FIG. 8 is an enlarged plan view showing an example of layout around a plurality of coils, which is a modification of FIG. FIG. 9 is an enlarged cross-sectional view of the electrode pad and the impedance matching circuit shown in FIG. FIG. 10 is an enlarged plan view of the coil formed in the second wiring layer shown in FIG. Although FIG. 10 is a plan view, different types of hatching are provided to make it easier to identify the coils L1 and L2. Although the semiconductor device 101 will be described below, the semiconductor device 101 is the same as the semiconductor device 100 shown in FIGS. 2, 3, 6 and 7, except for the differences described below. Therefore, the semiconductor device 101 has the same circuit configuration as the circuits shown in FIGS. 2 and 3.

In the impedance matching circuit MC1 included in the semiconductor device 101 shown in FIGS. 8 and 9, the coil L3 is formed in the wiring layer WL1, and each of the coils L2 and L3 is formed in the wiring layer WL2. Although not shown, as a modification to the semiconductor device 101, any one of the coils L3, L2 and L3 (for example, the coil L1 or L2) is formed in the wiring layer WL1, and the other two are formed in the wiring layer WL2. It may be formed. In the case of the semiconductor device 101, since any one of the coils L1, L2, and L3 (coil L3 in the case of FIG. 8) is formed in the wiring layer WL1 and the other two are formed in the wiring layer WL2, the coil. The wiring layer in which the is arranged can be fastened to two layers. In this case, a space for forming a circuit other than the impedance matching circuit MC1 can be secured in the wiring layers WL3, WL4 and the like. From the wiring layer WL1 to the wiring layer WL4, it is possible to secure a wider pattern thickness, width, and separation distance between adjacent patterns as compared with the wiring layer on the lower layer side (semiconductor substrate side (not shown)). Therefore, in the wiring layers WL1 to WL4, the characteristics of other circuits can be improved by securing a space for forming a circuit other than the impedance matching circuit MC1.

Further, in the case of the semiconductor device 101, the electrode pad PD is formed on the same wiring layer WL1 as the coil L3. In other words, a part of the coils L1, L2, and L3 is formed in the wiring layer WL1 which is the uppermost wiring layer for forming the electrode pad PD. By utilizing the uppermost wiring layer WL1 for forming the coil L3, it is possible to secure a margin of space between the wiring layer WL2 and the lower wiring layer.

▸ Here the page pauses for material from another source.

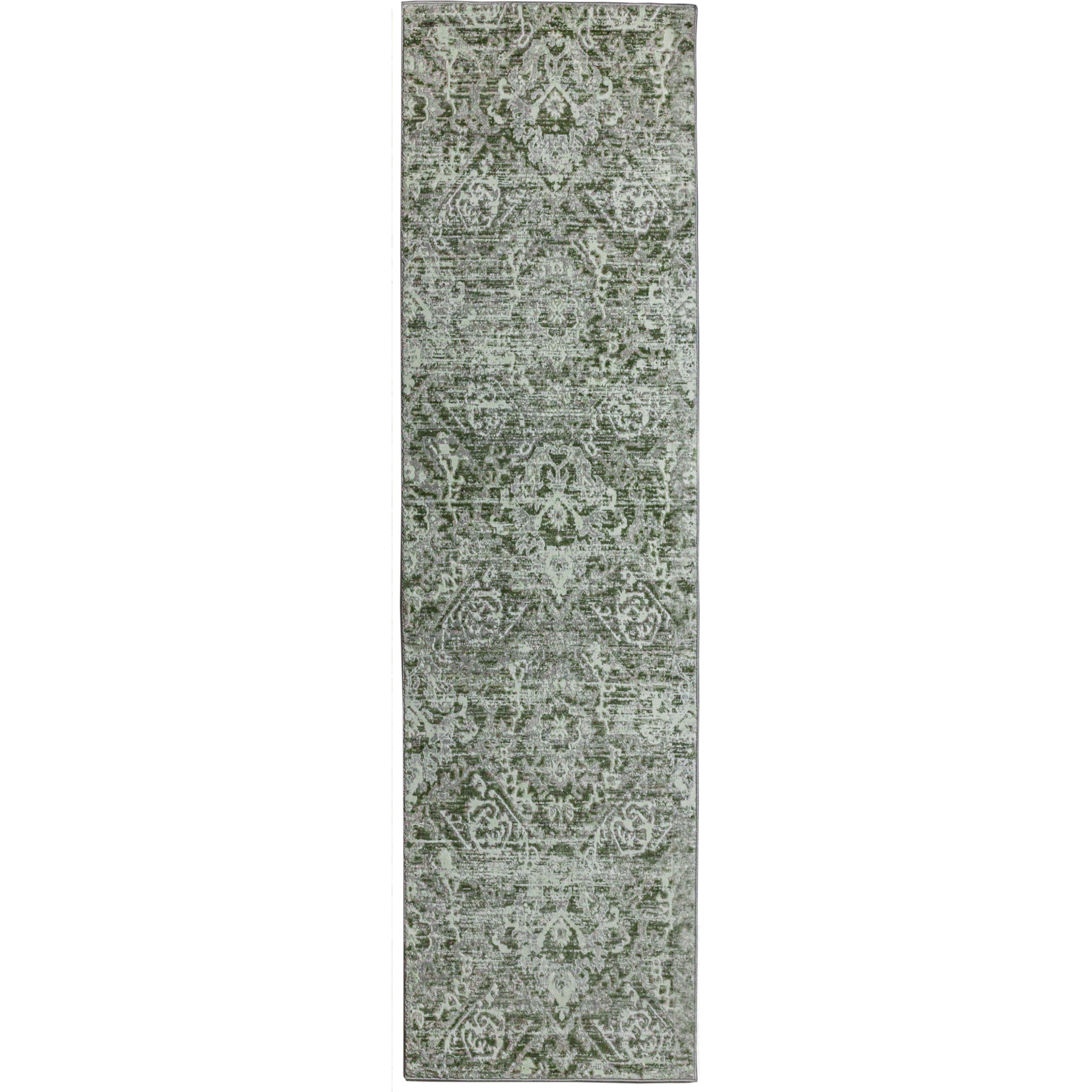 Livigno 1244 Green area rug, a stunning addition to elevate your living space effortlessly. This exquisite rug features an elegant transitional pattern that offers timeless appeal, seamlessly blending with various interior design styles. The densely woven pile ensures outstanding pattern clarity and design definition, showcasing a broken medallion design in a range of beautiful colors including cream, beige, grey, green, and blue. The neutral hues incorporated in the rug's design effortlessly complement any existing color scheme, creating a captivating visual effect that adds depth and texture to your home.

As described above, as a modification of the semiconductor device 101, any one of the coils L1, L2, and L3 (for example, the coil L2 or L1) is formed on the wiring layer WL1, and the other two are formed on the wiring layer WL2. In some cases. For example, although not shown, when the coil L1 is formed in the wiring layer WL1 and the coils L2 and L3 are formed in the wiring layer WL2, the parasitic impedance of the wiring that electrically connects the electrode pad PD and the coil L3, for example. Is preferable in that the amount of

However, in the case of the semiconductor device 101, the coil L3 connected to the electrode pad PD is formed in the wiring layer WL1 which is the same layer as the electrode pad PD. Further, as shown in FIG. 10, the coils L1 and L2 are formed so that the current paths are in the same direction. The coil L1 and the coil L2 are arranged parallel to each other. In this case, an impedance matching circuit MC1 having the same coupling coefficient of the coils L1 and L3 and the coupling coefficient of the coils L2 and L3 can be designed.

Further, the wiring layers WL1 and WL2 are adjacent to each other via the insulating layer IL1. In other words, the wiring layer WL2 on which the coils L1 and L2 are formed is the wiring layer next to the wiring layer WL1 on which the coil L3 is formed. In this way, when the wiring layers on which the plurality of coils L1, L2, and L3 are formed extend over the plurality of layers, the coupling strength can be improved by reducing the distance between the wiring layers. In other words, when the wiring layers on which the plurality of coils L1, L2, and L3 are formed extend over the plurality of layers, the coupling coefficient can be adjusted by controlling the distance between the wiring layers.

Further, as shown in FIGS. 8 and 10, the coil L3 overlaps the coils L1 and L2 in a plan view. In this case, it is possible to suppress an increase in the occupied area due to the impedance matching circuit MC1. Further, when the coil L3 overlaps the coils L1 and L2, the coupling strength (coupling coefficient) between the coils L1 and L2 and the coil L3 is controlled by controlling the degree to which the coil L3 overlaps the coils L1 and L2. ) Can be adjusted.

Further, as shown in FIG. 10, the coils L1 and L2 overlap each other. Here, "in the plan view, the coils L1 and L2 overlap" means that in the plan view, the region where the coil L2 is formed and at least a part of the region where the coil L1 is formed overlap. say. In the example shown in FIG. 10, the circuit path of the coil L1 is arranged outside the circuit path of the coil L2. Therefore, since the region in which the coil L2 is formed is arranged in the region in which the coil L1 is formed, it can be said that the coil L2 overlaps with the coil L1.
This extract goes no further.